Intradermal Skin Testing (IST) in inhalant allergy
IST is commonly used for hymenoptera venom allergy, when the skin prick tests are negative or for drug hypersensitivity to penicillin, insulin, heparin, muscle relaxants, or chemical therapeutic agents. By contrast, it is not indicated in food allergies, or of little value in inhalant allergy, whereas SPT are sensitive and safe and have a lower risk of adverse effects.

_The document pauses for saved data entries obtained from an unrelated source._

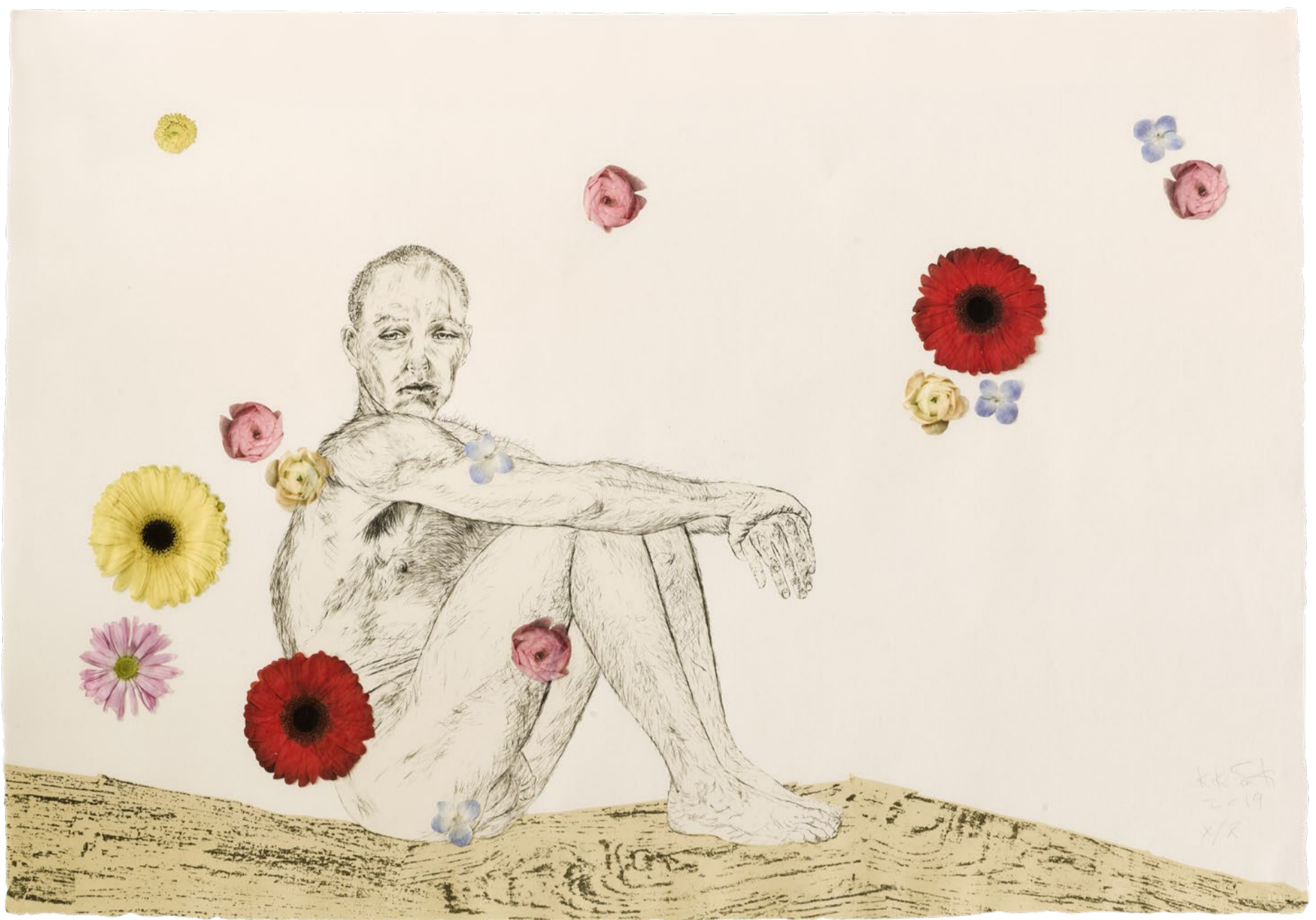
KIKI SMITH, Flowers in the Sky, 2019, Lithograph/Serigraph/Collage on indian handmade paper, 68 x 98 cm, Edition of 100, X / X, 20 AP

Dear friends of the gallery, dear friends of ART 19, dear friends of Amnesty International,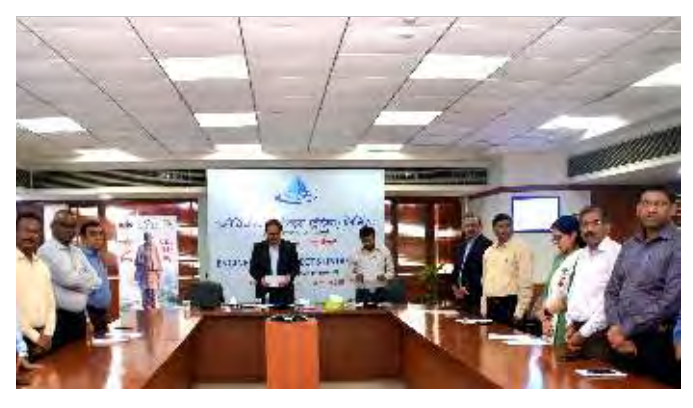
Rashtriya Ekta Diwas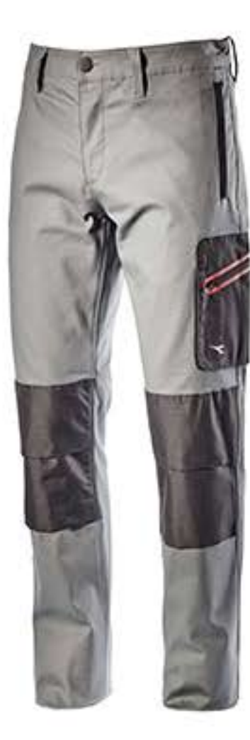
75047 - RAIN GREY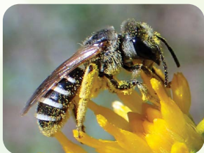
Ligated Furrow Bee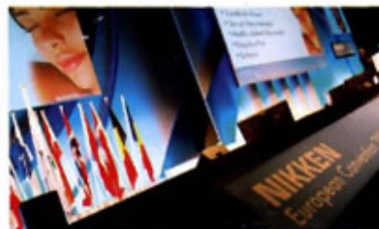
Nikken goes Dutch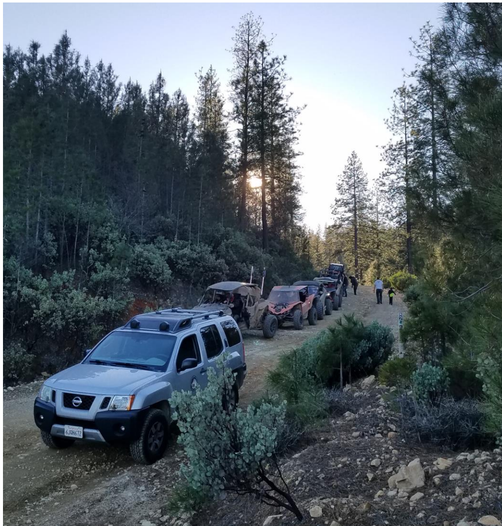
Road Block on the 2 Road Preventing Non Event Vehicles from Entering the Course

It was great to see over 150 members of the greater trail stewardship community attend the NCWR award dinner to celebrate and honor each other for a job well done. Many D36 sponsors including KTM and Motion Pro were there as well.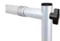
Twist lock offers infinite horizontal and vertical adjustments.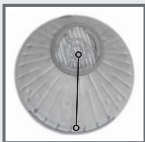
Off-centre connection for placement of the filter: provides a greater field of vision.

BAYONET CONNECTION: GUIDED SEAL SYSTEM, SAFE AND EASY TO ADJUST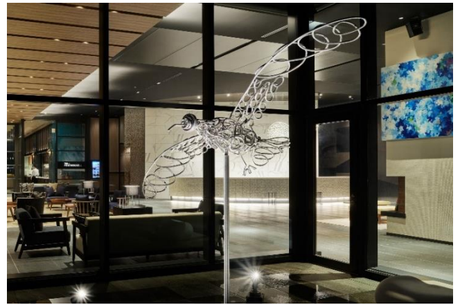
36th floor lobby terrace Artwork name: Watari Dori (“Migratory Bird”) Artist: Jin Hasegawa

Its place in the diagnosis of aeroallergen allergy is evaluated in a recent review by Christopher W. et al : The role of intradermal skin testing in inhalant allergy (Ann. Allergy Asthma Immunol. 2008; 101: 337-347), Details on the various aspects of IDR, in terms of criteria for positivity, concentration of solutions used, risk of adverse reactions, its pertinence versus SPT, in vitro tests, and provocation tests.
In terms of safety, the risk of adverse reactions seemed not very important, if IST is used when SPT is negative. Responses are reproducible and the degree of sensitivity allows to exclude an IgE-dependant mechanism.
However, overall, with IST we lose in specificity what we gain in sensitivity, that limits its indication to 5% of cases in which its positivity is associated with negative in vitro tests, as well as with inconclusive clinical symptoms. The pertinence of its positivity thus remains closely linked to the results of the allergen provocation test.
In contrast, a negative IST result has a high negative predictive value
In fact, use of IST varies widely among allergists . However it gains renewed interest for the study of allergen extracts with low reactivity or non-standardised allergens (fungi, trees, dog, weeds). It is also time to highlight the development of recombinant allergens as well as their high specificity which allows optimisation of the SPT sensitivity. Their usefulness must be emphasized, taking into account the great variability of IST results, as stressed by the authors of this large study.